From: Chih-Jen Lin <cjlin@csie.ntu.edu.tw>
Date: Fri, 16 Oct 2020 12:40:20 +0000 (+0800)
Subject: Two changes in newton.cpp
X-Git-Tag: v242~6
X-Git-Url: https://granicus.if.org/sourcecode?a=commitdiff_plain;h=07208b8beb4bc6545fcca2182734e0963cdcedaa;p=liblinear

Two changes in newton.cpp

- in the previous version, the output is like

init f 1.403e+07
iter  1 f 5.390e+06 |g| 6.197e+05 CG   2 step_size 1.00e+00

we indeed print

f(w_k) |g(w_{k-1})|

So |g| 6.197e+05 is the grad at f(0) = 1.403e+07.

The output is changed to

init f 1.403e+07 |g| 6.197e+05
iter  1 f 5.390e+06 |g| 2.118e+05 CG   2 step_size 1.00e+00
iter  2 f 1.925e+06 |g| 7.244e+04 CG   4 step_size 1.00e+00

Each line shows the new f and |g| after an iteration with
CG steps and line search step_size

- in pcg(), we calculate

        alpha = zTr/ddot_(&n, d, &inc, Hd, &inc);

before the stopping condition based on quadratic approximations.
But after the previous CG step, the new zTr and dHd may both be zero
(or very close to zero).

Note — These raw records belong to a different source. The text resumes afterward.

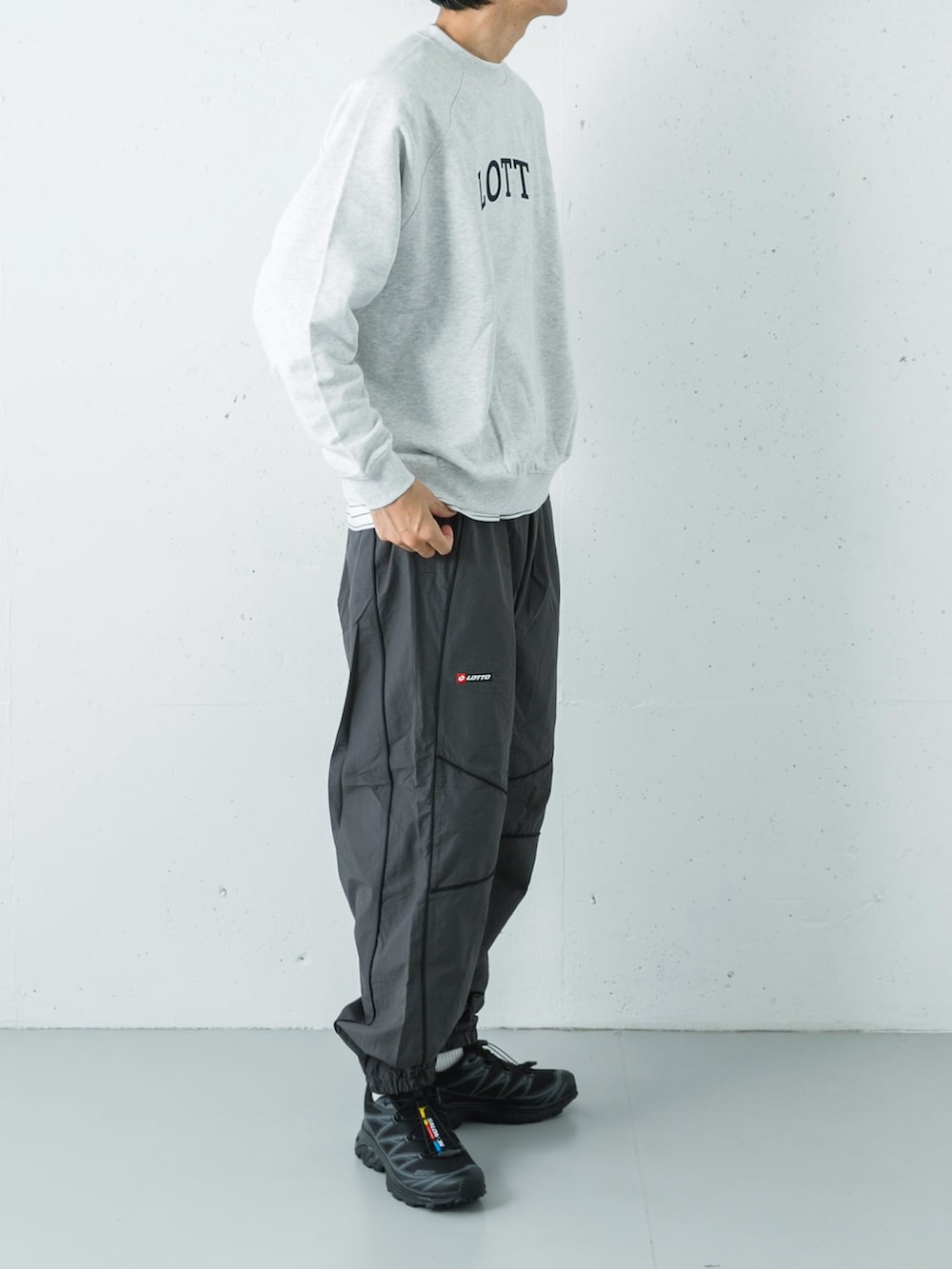トップスは、クラシックなアーチロゴが映える王道のスウェット。この柔らかなコットンの風合いに対し、ボトムスにはドライで光沢のあるライン入りナイロンパンツをセレクトしました。「マットなスウェット」と「硬質なナイロン」。この異素材のコントラストが、部屋着に見えがちなグレーの上下を、構築的でモダンな街着へと昇華させています。
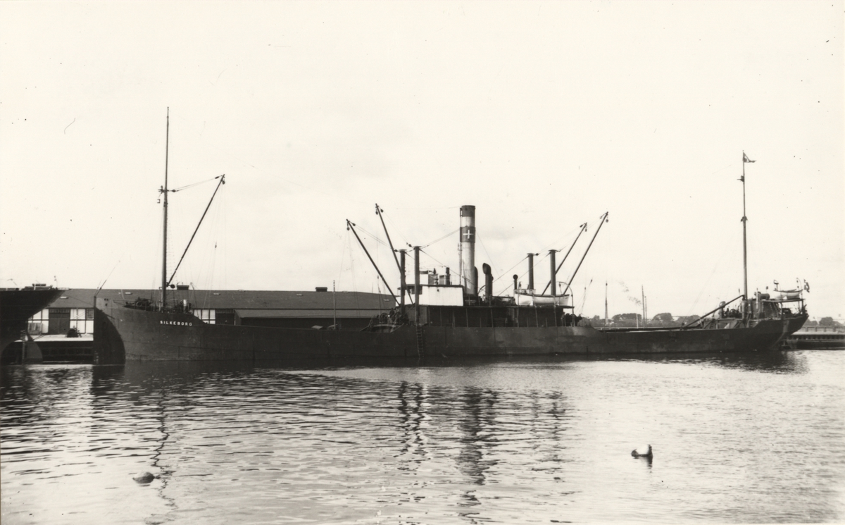 Foto i svartvitt visande lastångfartyget "SILKEBORG" av Köpenhamn, vid kaj i Köpenhamn, troligen under 1930-talet.
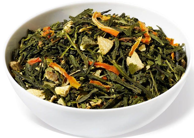 Milder Sencha, kombiniert mit spritzigen Zitrusschalen, Zitronenmyrte und würzigem Ingwer, abgerundet mit lieblichem Zimt und feinen Karottenstreifen. Aus kontrolliert biologischem Anbau.
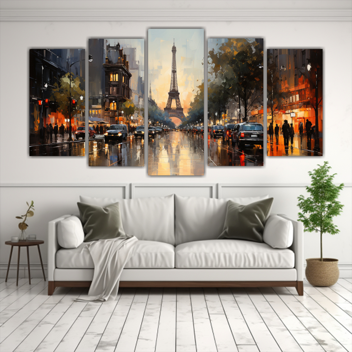 Cuadro De Ciudad En Lienzo: Original Y Patrón Intenso
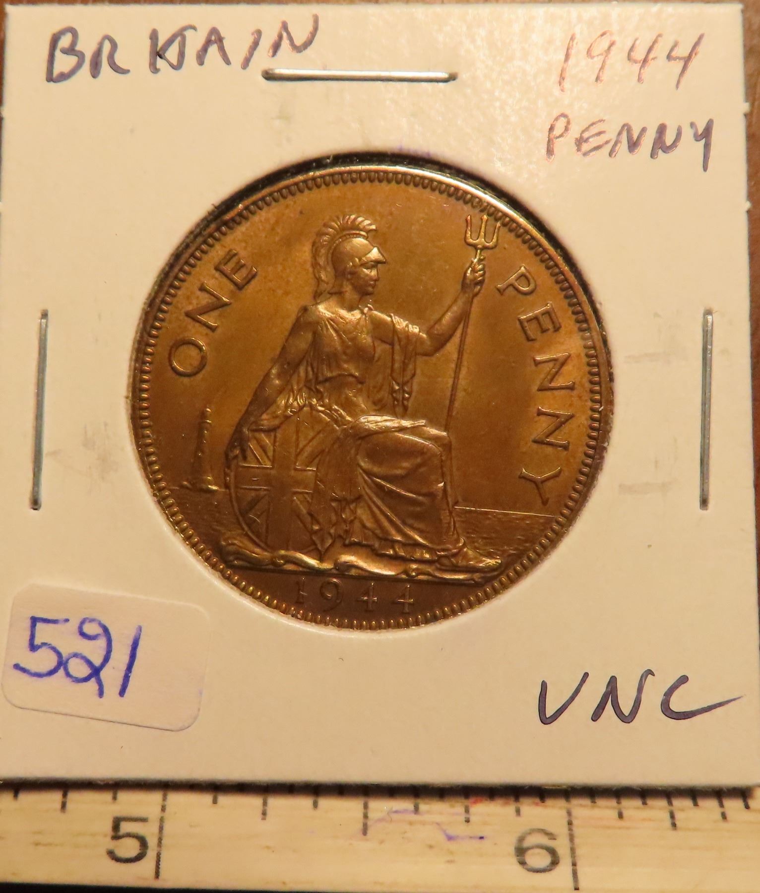 Great Britain. 1944 Penny. Issued during World War II. Uncirculated.

Then 0/0 may occur. In such a situation CG
should stop. Now a safeguard check is added:

+		dHd = ddot_(&n, d, &inc, Hd, &inc);
+		// avoid 0/0 in getting alpha
+		if (dHd <= 1.0e-16)
+			break;
---

diff --git a/newton.cpp b/newton.cpp
index bd09fbb..17ba7de 100644
--- a/newton.cpp
+++ b/newton.cpp
@@ -117,9 +117,9 @@ void NEWTON::newton(double *w)
 	delete [] w0;
 
 	f = fun_obj->fun(w);
-	info("init f %5.3e\n", f);
 	fun_obj->grad(w, g);
 	double gnorm = dnrm2_(&n, g, &inc);
+	info("init f %5.3e |g| %5.3e\n", f, gnorm);
 
 	if (gnorm <= eps*gnorm0)
 		search = 0;
@@ -132,7 +132,7 @@ void NEWTON::newton(double *w)
 		cg_iter = pcg(g, M, s, r);
 
 		fold = f;
-		step_size = fun_obj->linesearch_and_update(w, s, & f, g, init_step_size);
+		step_size = fun_obj->linesearch_and_update(w, s, &f, g, init_step_size);
 
 		if (step_size == 0)
 		{
@@ -140,14 +140,11 @@ void NEWTON::newton(double *w)
 			break;
 		}
 
-		info("iter %2d f %5.3e |g| %5.3e CG %3d step_size %4.2e \n", iter, f, gnorm, cg_iter, step_size);
-
-		actred = fold - f;
-		iter++;
-
 		fun_obj->grad(w, g);
-
 		gnorm = dnrm2_(&n, g, &inc);
+
+		info("iter %2d f %5.3e |g| %5.3e CG %3d step_size %4.2e \n", iter, f, gnorm, cg_iter, step_size);
+		
 		if (gnorm <= eps*gnorm0)
 			break;
 		if (f < -1.0e+32)
@@ -155,11 +152,14 @@ void NEWTON::newton(double *w)
 			info("WARNING: f < -1.0e+32\n");
 			break;
 		}
+		actred = fold - f;
 		if (fabs(actred) <= 1.0e-12*fabs(f))
 		{
 			info("WARNING: actred too small\n");
 			break;
 		}
+
+		iter++;
 	}
 
 	delete[] g;
@@ -175,7 +175,7 @@ int NEWTON::pcg(double *g, double *M, double *s, double *r)
 	double one = 1;
 	double *d = new double[n];
 	double *Hd = new double[n];
-	double zTr, znewTrnew, alpha, beta, cgtol;
+	double zTr, znewTrnew, alpha, beta, cgtol, dHd;
 	double *z = new double[n];
 	double Q = 0, newQ, Qdiff;
 
@@ -196,9 +196,14 @@ int NEWTON::pcg(double *g, double *M, double *s, double *r)
 	while (cg_iter < max_cg_iter)
 	{
 		cg_iter++;
-		fun_obj->Hv(d, Hd);
 
-		alpha = zTr/ddot_(&n, d, &inc, Hd, &inc);
+		fun_obj->Hv(d, Hd);
+		dHd = ddot_(&n, d, &inc, Hd, &inc);
+		// avoid 0/0 in getting alpha
+		if (dHd <= 1.0e-16)
+			break;
+		
+		alpha = zTr/dHd;
 		daxpy_(&n, &alpha, d, &inc, s, &inc);
 		alpha = -alpha;
 		daxpy_(&n, &alpha, Hd, &inc, r, &inc);